Conciliar Popes – V posted in Eleison Comments on July 18, 2015

Last week’s “Comments” went so far as to suggest that to get a handle on the liberal mentality is a good way to keep the Faith today. Seeing how liberalism dissolves the Truth, one understands how it is undermining the Faith and destroying the Church. At the same time seeing how it corrupts minds, one understands how today’s churchmen are “diabolically disoriented” without necessarily being fully aware of how they are destroying the Church. Thus one need be neither liberal nor sedevacantist. So let us look at another classic text of Archbishop Lefebvre where he examines “The Catholic Liberal Mentality” in Chapter XVI of They Have Uncrowned Him:—

“A sickness of the mind. ‘Rather than a confusion of mind, liberal Catholicism is a sickness of the mind’ (Fr. A. Roussel in his book Liberalism and Catholicism): the mind is unable simply to rest in the truth. It can venture no statement without thinking immediately of the counter-statement, which it feels equally obliged to make. Pope Paul VI was a classic example of such a split mind, of a two-faced being – it could even be read physically on his features – perpetually tossed between two contradictory positions and driven by a balancing movement, swinging regularly between Tradition and novelty – would some people call it intellectual schizophrenia?
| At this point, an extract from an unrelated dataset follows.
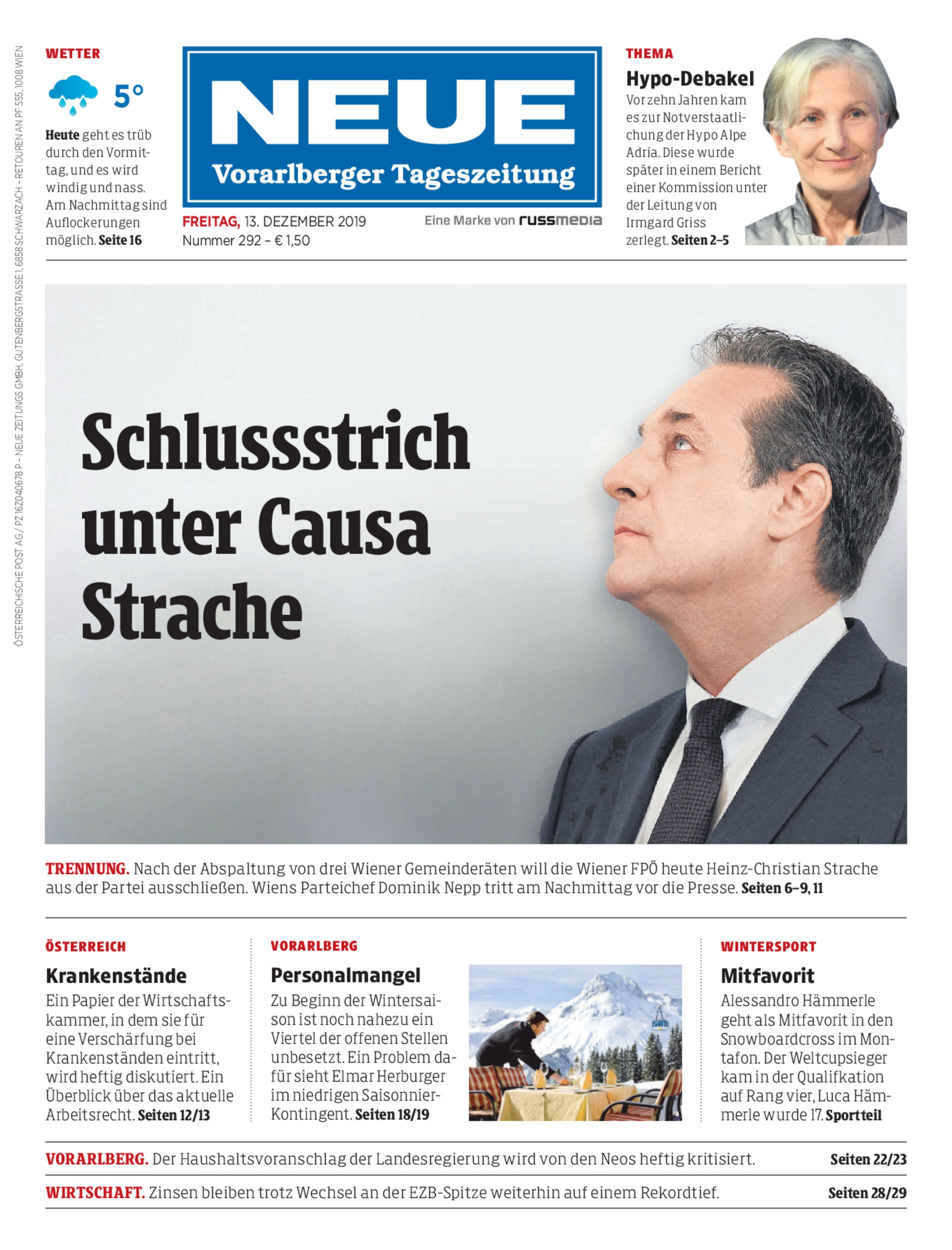 Trennung. Nach der Abspaltung von drei Wiener Gemeinderäten will die Wiener FPÖ heute Heinz-Christian Strache aus der Partei ausschließen. Wiens Parteichef Dominik Nepp tritt am Nachmittag vor die Presse. Seiten 6–9, 11

“I think that Fr Clérissac saw deepest into the nature of this sickness. It is ‘a lack of integrity of the mind’ ( Mystery of the Church, Chapter VII). It is a mind ‘lacking trust in the truth . . . . When liberalism prevails, this lack of integrity in the mind shows psychologically in two clear characteristics: liberals are malleable and anxious: malleable, because they too easily take on the state of mind of those around them; anxious, because for fear of clashing with different states of mind they are continually concerned to justify themselves; they seem to suffer themselves from the doubts they are fighting against; they do not have enough confidence in the truth; they are too concerned to be justifying their position, demonstrating or adapting or even apologizing.’

“Too concerned to be in harmony with the world, to be apologizing! That is so well said: they want to apologize for the whole past of the Church, the Crusades, the Inquisition, and so on. When it comes to justifying and demonstrating, they go about it very timidly, especially when the rights of Jesus Christ are involved, but when it comes to adapting to the world, they go at it, that is their basic principle. They start out from what they consider to be a practical principle, for them an undeniable fact, namely that the Church cannot be understood in the actual surroundings where it has to fulfil its divine mission without its getting in harmony with them.”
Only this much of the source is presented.